GASLINK: Linking the GMES Pilot Atmospheric core Service (GAS) with the Stockholm Air Quality Service
Background and objectives
The Global Monitoring for Environment and Security (GMES) programme is specifically
committed to bring data from space-based and in-situ earth observation capacities to the
citizens of Europe. The objective is to introduce new services that make environmental and
security-related information available to the people who need it.
The FP7 MACC (phase 1 and 2 project “Monitoring Atmospheric Composition and
Climate”) will, at its end 2013, represent the pilot GMES Atmospheric core Service (GAS)

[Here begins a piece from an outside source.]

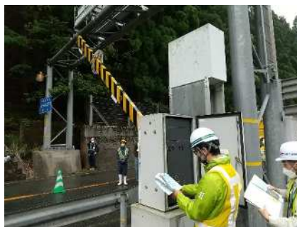
▲遮断機の操作を行いました。 梅雨の大雨や台風への備えは着々と進んでいます。

and bring online air quality data and forecasts to the European community. In MACC, seven
regional air quality models – of which one is SMHI’s MATCH model - are used to produce
an ensemble of air quality forecasts and atmospheric composition information on the
European scale. The present project GASLINK is linking the GMES Pilot Atmospheric core
Service (GAS) to the Stockholm Air Quality Service, establishing a downstream production
facility for air-quality forecasts on the urban scale.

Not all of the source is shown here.